Profiling

The setup_and_profile() function is a drop-in replacement for setup_and_train() that profiles your training loop using PyTorch’s built-in profiler.

Simply swap setup_and_train with setup_and_profile:

# Before:
from hippynn.experiment import setup_and_train

setup_and_train(
    training_modules=training_modules,
    database=database,
    setup_params=experiment_params,
)

# After:
from hippynn.experiment import setup_and_profile

setup_and_profile(
    training_modules=training_modules,
    database=database,
    setup_params=experiment_params,
)

By default, the function runs only 3 epochs with 5 batches each, temporarily overriding your max_epochs setting. This provides enough data to capture representative performance patterns without the overhead of a full training run.

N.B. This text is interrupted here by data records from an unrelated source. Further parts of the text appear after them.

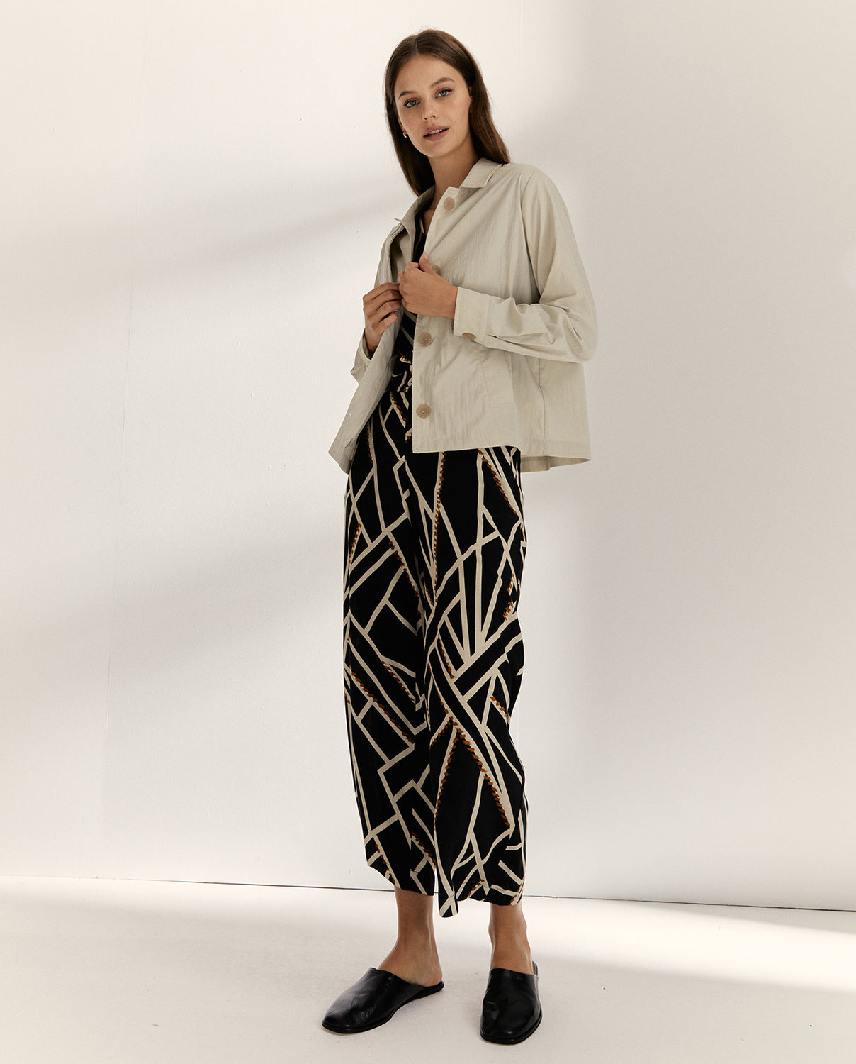 Chaqueta de corte básico, en lado derecho delantero con canesú y un botón, cuello camisero y manga larga. Cierre frontal con botones y bolsillos laterales con tapeta. Una prenda versátil ideal para completar looks casuales con toque natural y moderno.
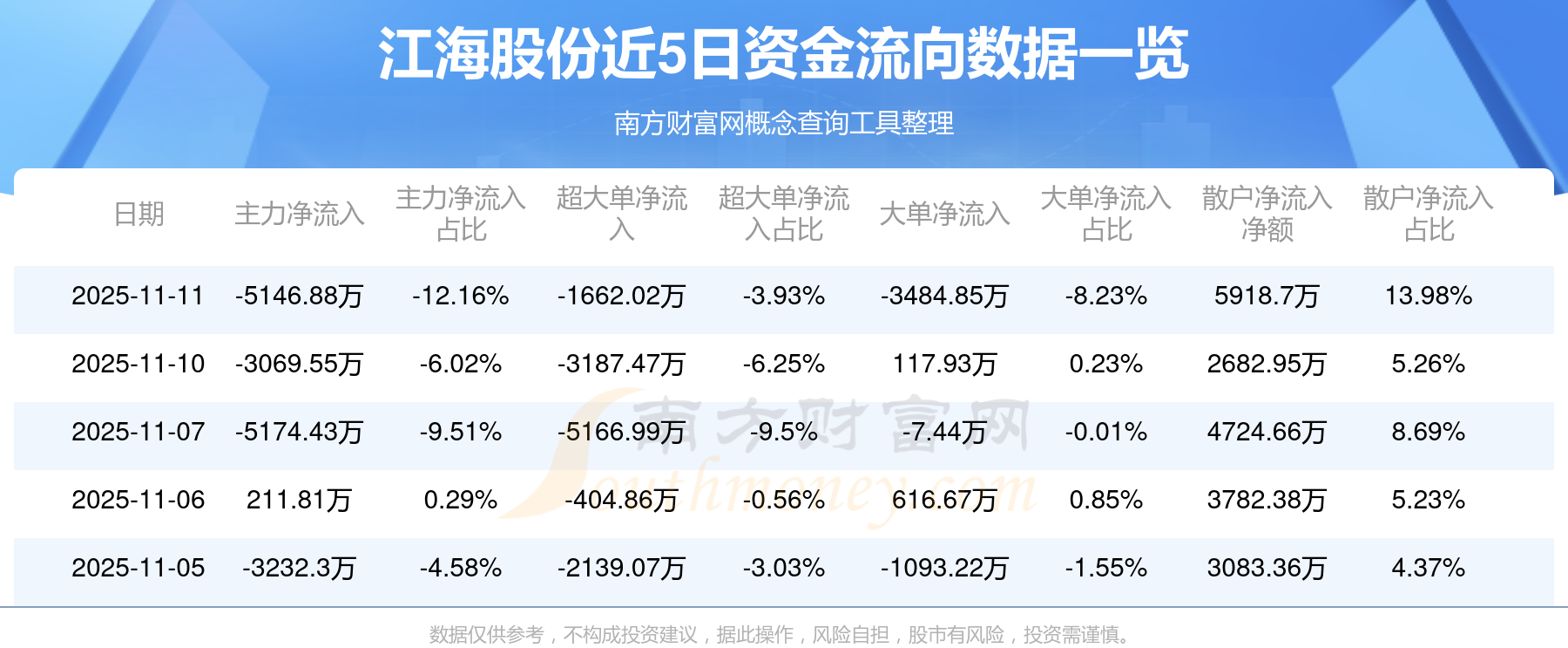 資金流向數(shù)據(jù)方面,11月11日主力資金凈流流出5146.88萬(wàn)元,超大單資金凈流出1662.02萬(wàn)元,大單資金凈流出3484.85萬(wàn)元,散戶資金凈流入5918.7萬(wàn)元。
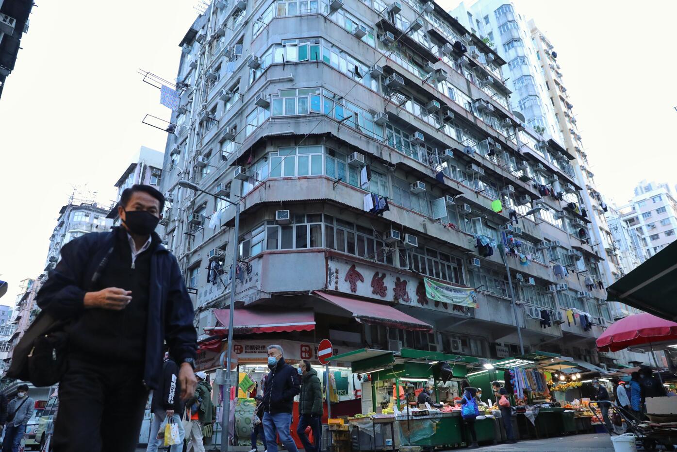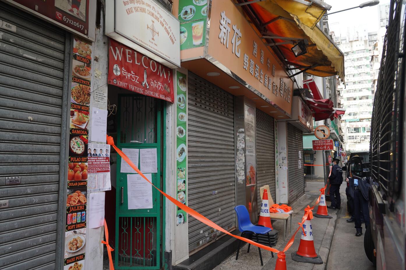 相繼發現30多宗確診病例的新填地街20至26號住戶須隔離兩周。中新社
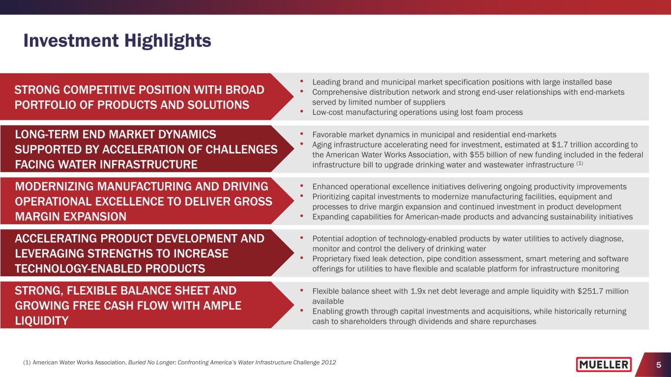 4 (1) See Appendix for reconciliation of non-GAAP measures to their corresponding GAAP measures. (2) Consolidated net sales Information for geography, segments, products and end markets based on FY2022 information and estimates. (3) Water Flow Solutions includes iron gate valves, specialty valves and service brass products. Water Management Solutions includes fire hydrants, repair and installation, natural gas, metering, leak detection, pressure control and software products. Water Flow Solutions Water Management Solutions United States Rest of World Geography (2) (% of Consolidated Net Sales) • Founded more than 165 years ago • Spun off from Walter Industries in 2006 • Listed on NYSE (MWA) (June 2006) • Divested U.S. Pipe (April 2012) • Divested Anvil (January 2017) • Acquired Singer Valve (February 2017) • Acquired Krausz Industries (December 2018) • Acquired i20 Water (June 2021) Segments (2,3) (% of Consolidated Net Sales) <10% Natural gas utilities 60-65% Repair and replacement of municipal water systems 25-30% Residential construction Brass Products Hydrants & Gate Valves Specialty Valves Technology- Enabled Products (2) (% of Consolidated Net Sales) End Markets (2) (% of Consolidated Net Sales) Canada History Highlights (1) $1.31B Net Sales (LTM Q2 FY2023) $188.7M Adjusted EBITDA (LTM Q2 FY2023) $327.4M Capital Expenditures (5-Year FY18-FY22) 14.4% Adjusted EBITDA % of Net Sales (LTM Q2 FY2023) $574.9M Cash Flow from Operations (5-Year FY18-FY22) $247.5M Free Cash Flow (5-Year FY18-FY22) $358.3M Net Debt (March 31, 2023) 1.9x Net Debt to Adjusted EBITDA (March 31, 2023) 3,600 Employees Worldwide 11 Manufacturing Facilities 5 R&D Centers Mueller Water Products at a Glance Repair
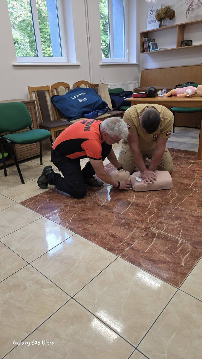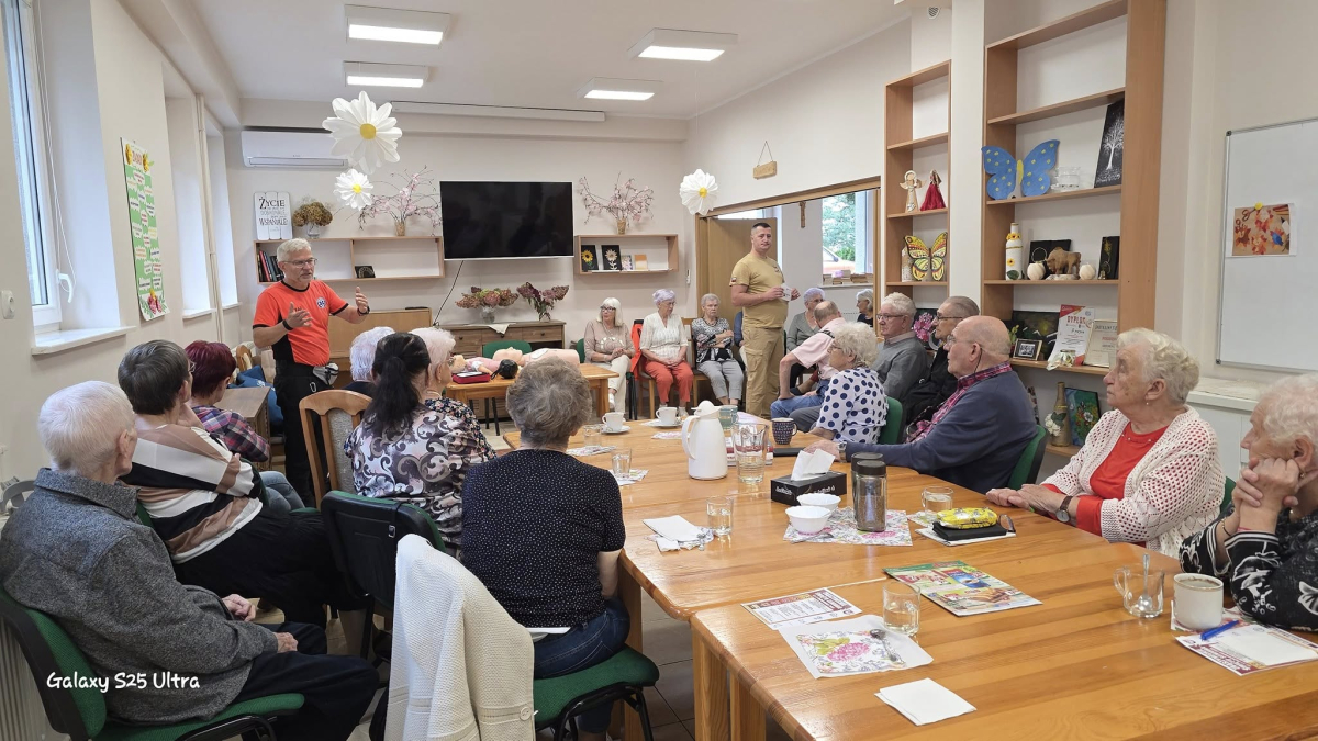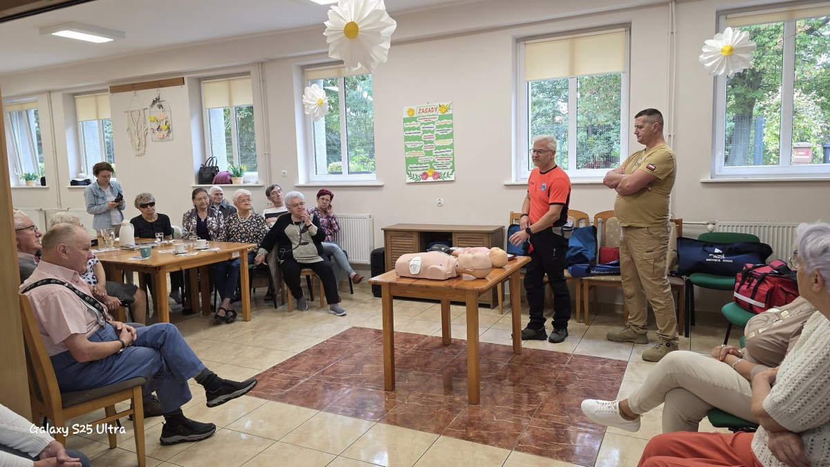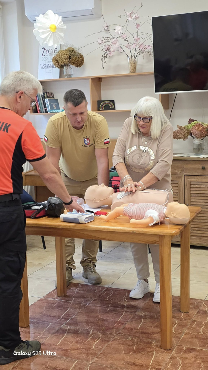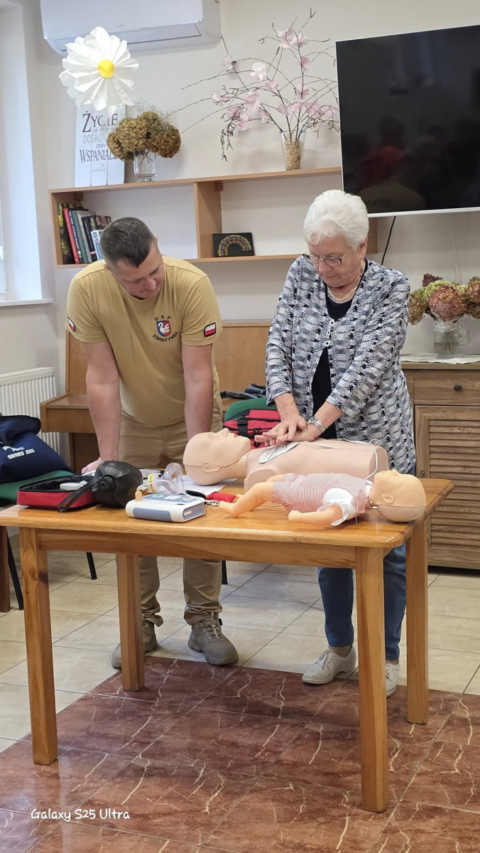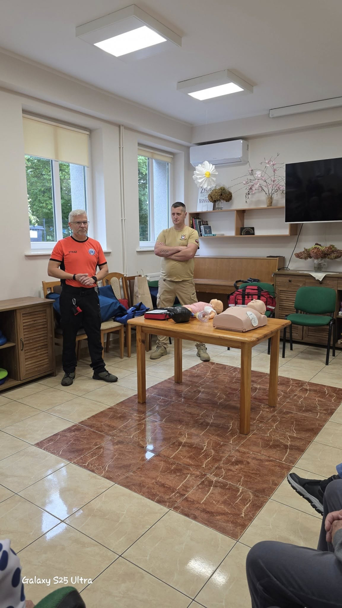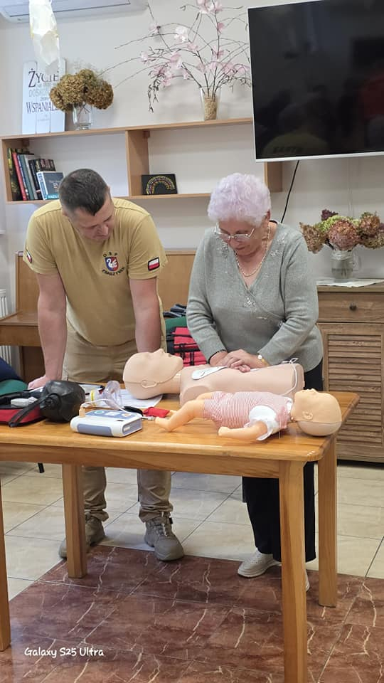 Seniorów odwiedzili wyjątkowi goście – strażak Robert i strażak Radosław. Podczas spotkania przeprowadzili szkolenie z podstaw pierwszej pomocy. Seniorzy dowiedzieli się, jak reagować w sytuacjach zagrożenia życia, w jaki sposób prawidłowo wezwać pomoc oraz jakie działania mogą uratować życie. Była to cenna lekcja, która zwiększa poczucie bezpieczeństwa.

The setup_and_profile() function accepts optional parameters not available in setup_and_train to control the profiling behavior:

setup_and_profile(
    training_modules=training_modules,
    database=database,
    setup_params=experiment_params,
    profile_epochs=5,              # Optional: defaults to 3
    batches_per_epoch=10,          # Optional: defaults to 5
    trace_file="my_trace.json",    # Optional: defaults to "profile_trace.json"
)

After profiling completes, a summary table is printed to the console showing the most time-consuming operations. Additionally, a JSON trace file is saved to disk.

To visualize the detailed timeline, open chrome://tracing in Google Chrome (must be chrome, not firefox or safari) and load the JSON file.